Renovations to force Young Life out of office

The youth ministry is searching for a new building to house its business operations.
Wednesday, February 11, 2004 | 12:00 a.m. CST; updated 4:45 a.m. CDT, Sunday, July 20, 2008

For the third time in a year, the Columbia chapter of Young Life, a nondenominational Christian organization that ministers to teens, will have to move, and its director is searching for a permanent home.

This time, in about two weeks, renovations will force the ministry from its home on Cherry Street.

Luke Neal, who became Young Life’s director in May, hopes to stay downtown because it is relatively close to Hickman High School, the school where he spends most of his time, and is an easy walk for the many volunteers who attend MU.

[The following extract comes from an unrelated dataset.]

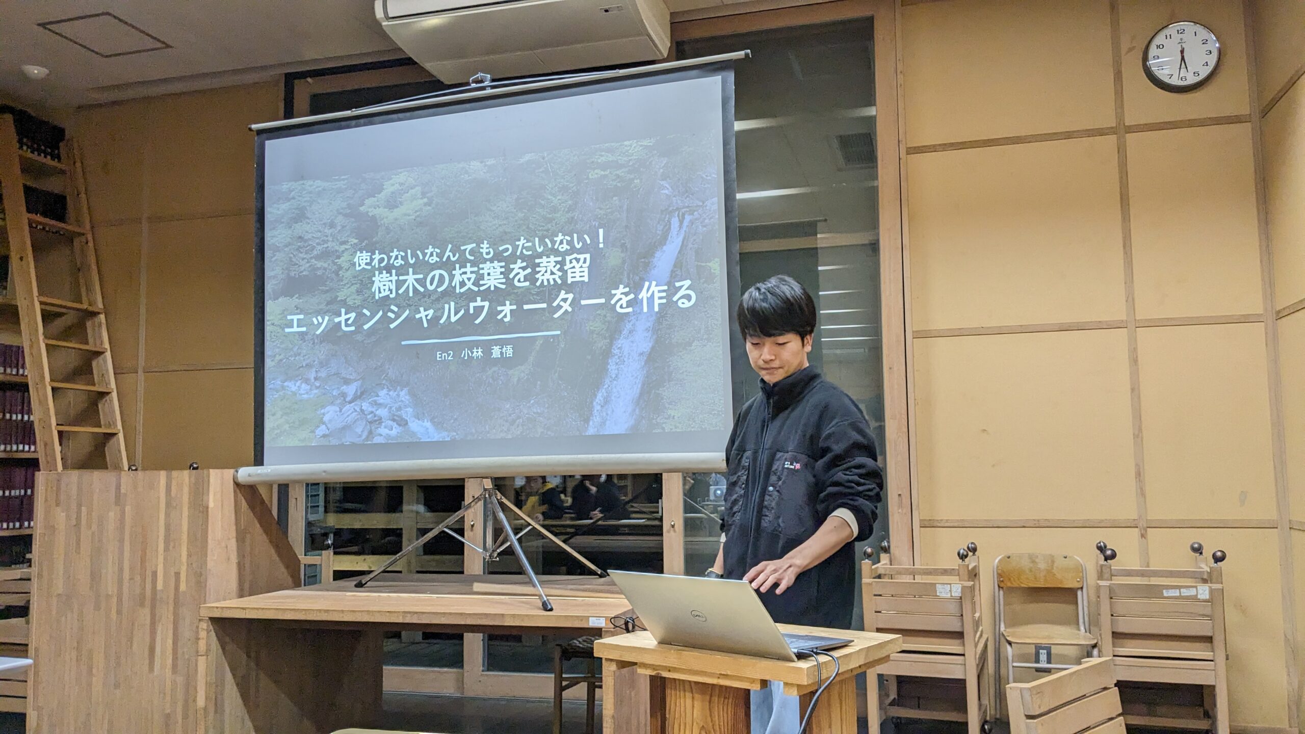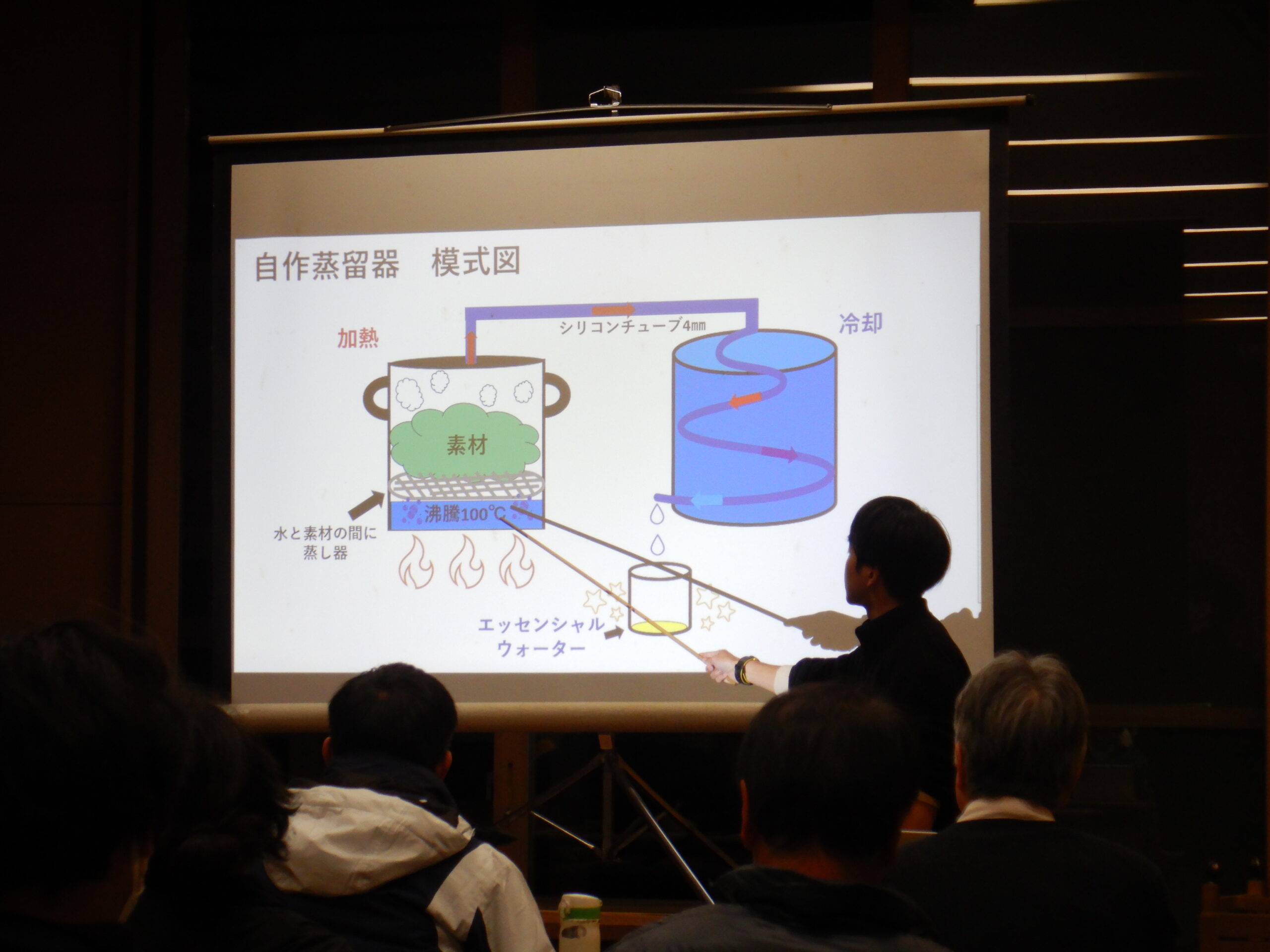 トリを飾ったのは小林さんの発表「使わないなんてもったいない!樹木の枝葉を蒸留 エッセンシャルウォーターを作る」です。

Neal said it will be a challenge to find a downtown office because “it’s hard to find offices that small downtown.”

Young Life — part of a global ministry — needs about 100 square feet.

He said it will be impossible to move back into Young Life’s current office because after renovations, only large luxury offices will be in the building.

The Young Life office mainly is needed for business operations and communication with volunteers. Neal said that a big part of his job is raising money locally because Young Life is nonprofit.

The organization’s mission — to “reach every kid, everywhere, for eternity” — is fulfilled outside of the office, though. Young Life sends 34 volunteers into high schools and junior high schools in Columbia. Volunteers teach teens about God through worship and Scripture.

Young Life has been present in Columbia for about 30 years, although the organization has been actively ministering for five years, Neal said. The larger Young Life ministry was founded more than 60 years ago and has established programs in 800 U.S. and Canadian communities and 45 countries overseas.